- **Exercise requirements**
Find the line below with "상담 전부터 이미 수사가" and the line with "Embrace a resort-ready". Output exactly those lines and everything between them, leaving out the pictures.

- **Material for this task**
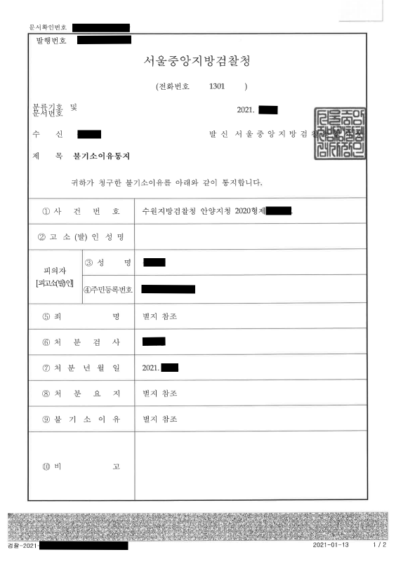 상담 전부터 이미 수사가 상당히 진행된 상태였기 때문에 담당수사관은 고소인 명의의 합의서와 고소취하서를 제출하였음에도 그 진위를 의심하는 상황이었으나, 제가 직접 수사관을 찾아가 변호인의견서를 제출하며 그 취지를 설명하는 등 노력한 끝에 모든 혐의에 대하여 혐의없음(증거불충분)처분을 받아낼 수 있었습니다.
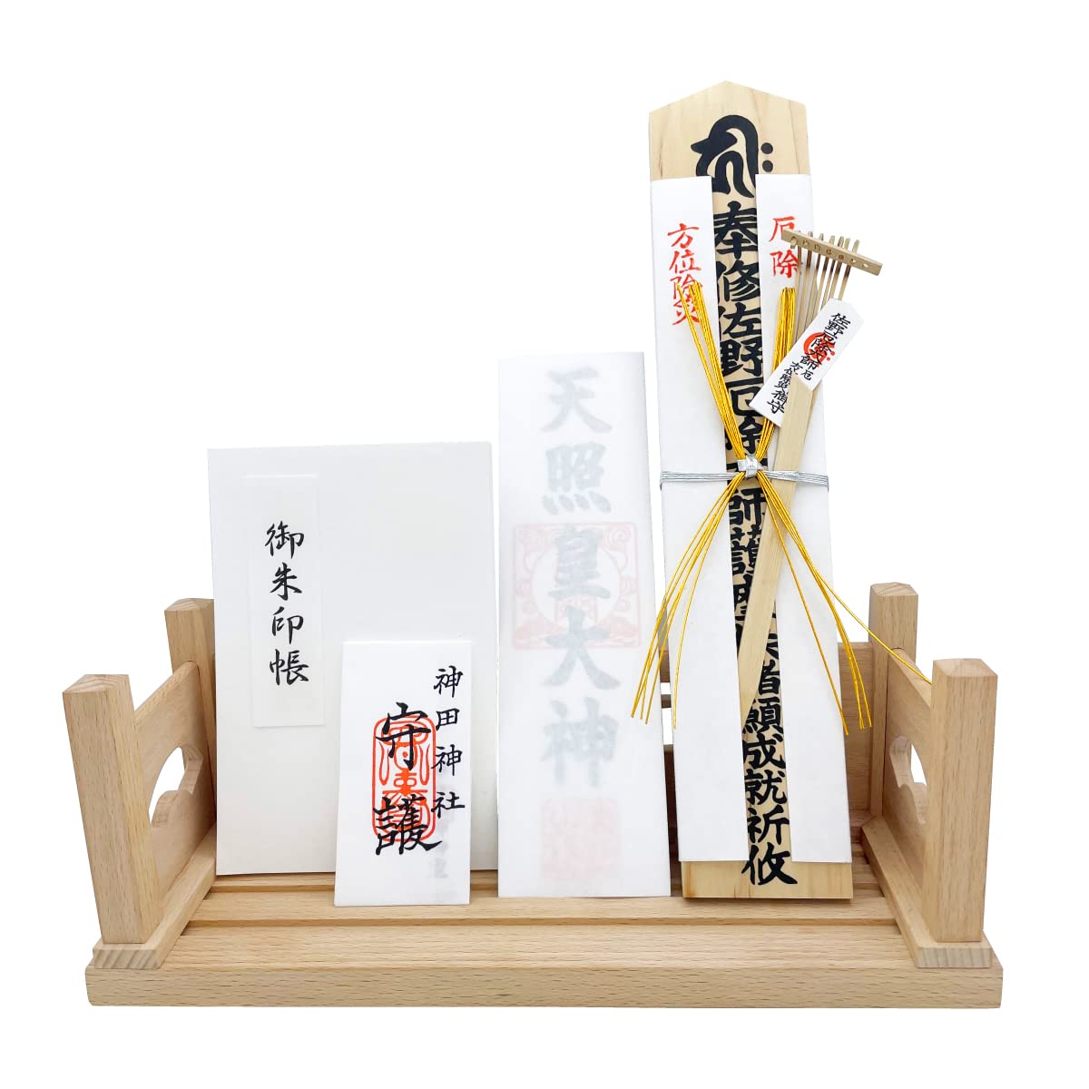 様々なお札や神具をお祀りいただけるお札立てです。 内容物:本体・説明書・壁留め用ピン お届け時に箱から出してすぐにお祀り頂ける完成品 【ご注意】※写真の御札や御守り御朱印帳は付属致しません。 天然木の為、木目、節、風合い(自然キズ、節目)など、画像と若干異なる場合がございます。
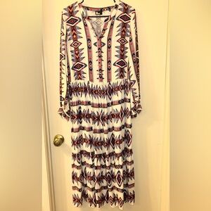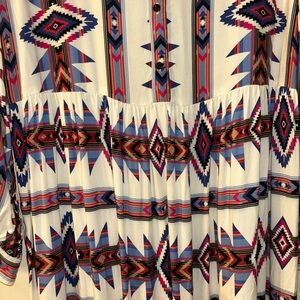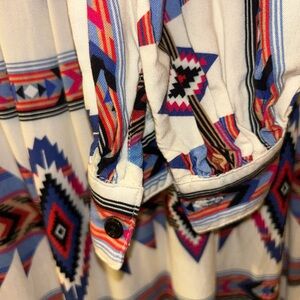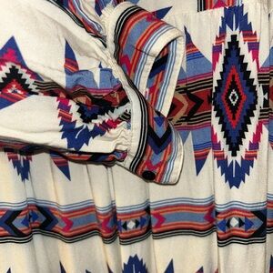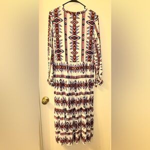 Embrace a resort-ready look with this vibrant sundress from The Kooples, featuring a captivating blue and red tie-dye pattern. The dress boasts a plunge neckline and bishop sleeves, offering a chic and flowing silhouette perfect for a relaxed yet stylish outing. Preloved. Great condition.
* * *
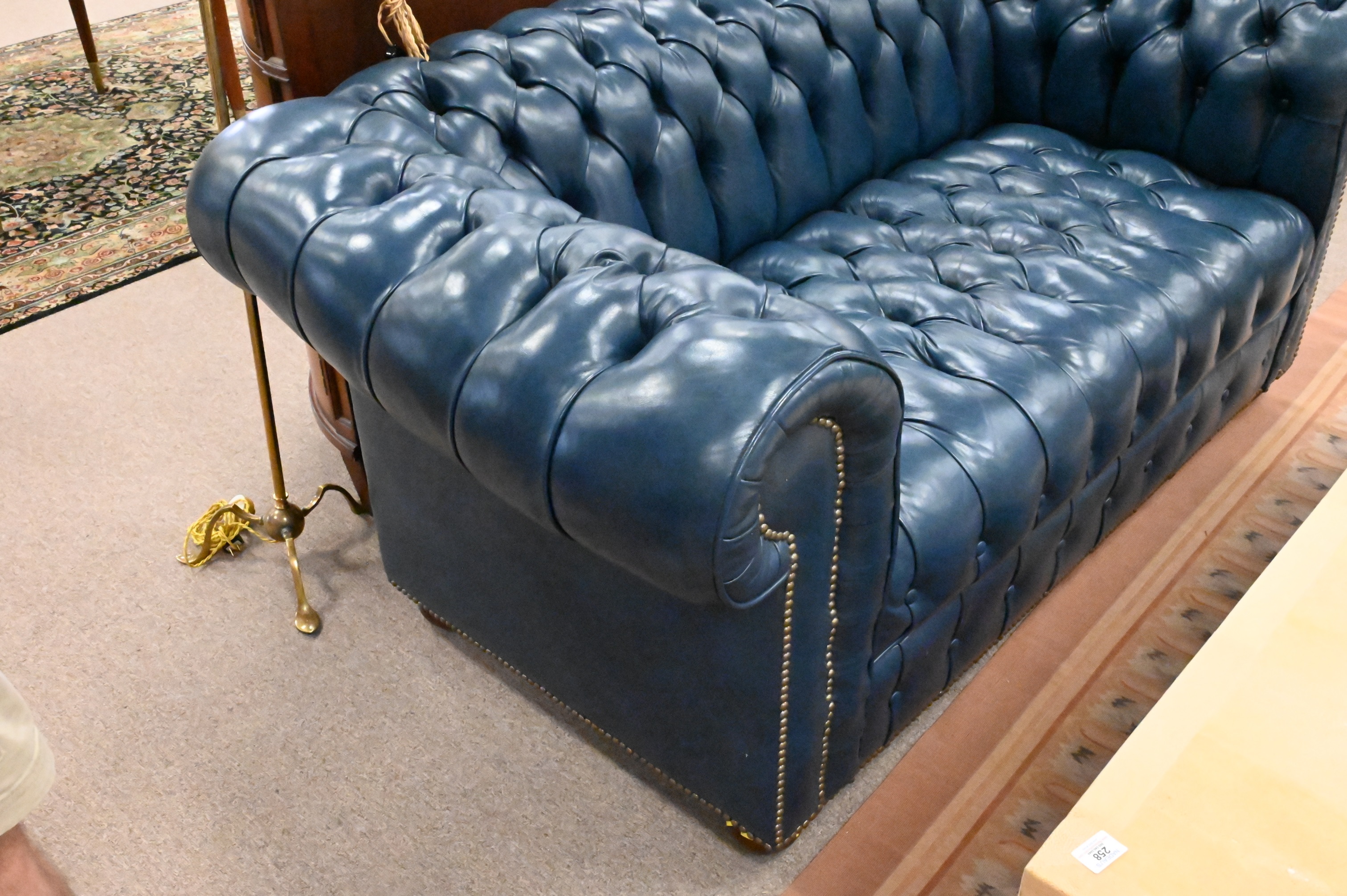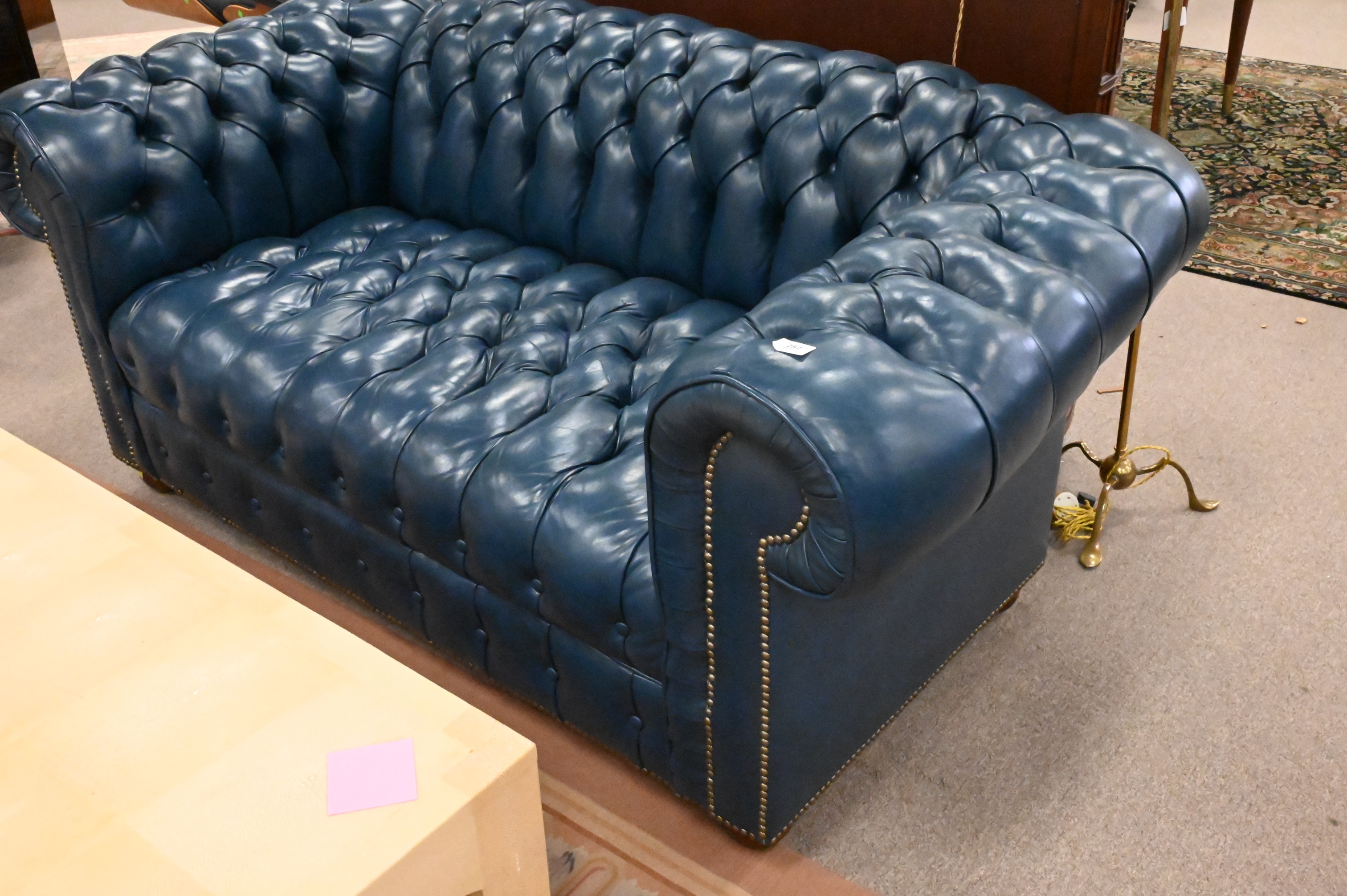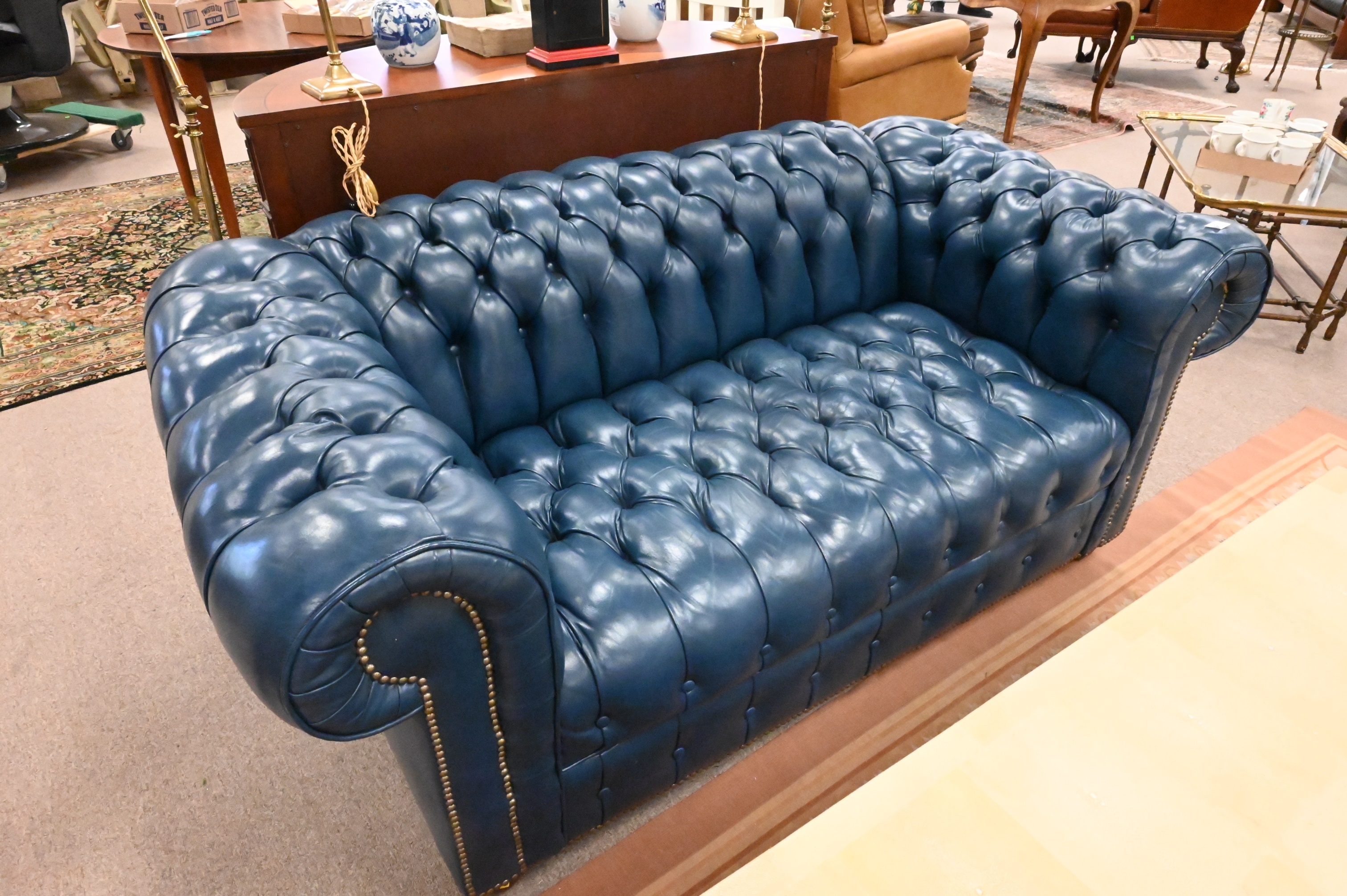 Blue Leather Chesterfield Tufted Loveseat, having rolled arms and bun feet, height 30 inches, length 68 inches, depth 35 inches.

- **Answer box**
 상담 전부터 이미 수사가 상당히 진행된 상태였기 때문에 담당수사관은 고소인 명의의 합의서와 고소취하서를 제출하였음에도 그 진위를 의심하는 상황이었으나, 제가 직접 수사관을 찾아가 변호인의견서를 제출하며 그 취지를 설명하는 등 노력한 끝에 모든 혐의에 대하여 혐의없음(증거불충분)처분을 받아낼 수 있었습니다.
 様々なお札や神具をお祀りいただけるお札立てです。 内容物:本体・説明書・壁留め用ピン お届け時に箱から出してすぐにお祀り頂ける完成品 【ご注意】※写真の御札や御守り御朱印帳は付属致しません。 天然木の為、木目、節、風合い(自然キズ、節目)など、画像と若干異なる場合がございます。
 Embrace a resort-ready look with this vibrant sundress from The Kooples, featuring a captivating blue and red tie-dye pattern. The dress boasts a plunge neckline and bishop sleeves, offering a chic and flowing silhouette perfect for a relaxed yet stylish outing. Preloved. Great condition.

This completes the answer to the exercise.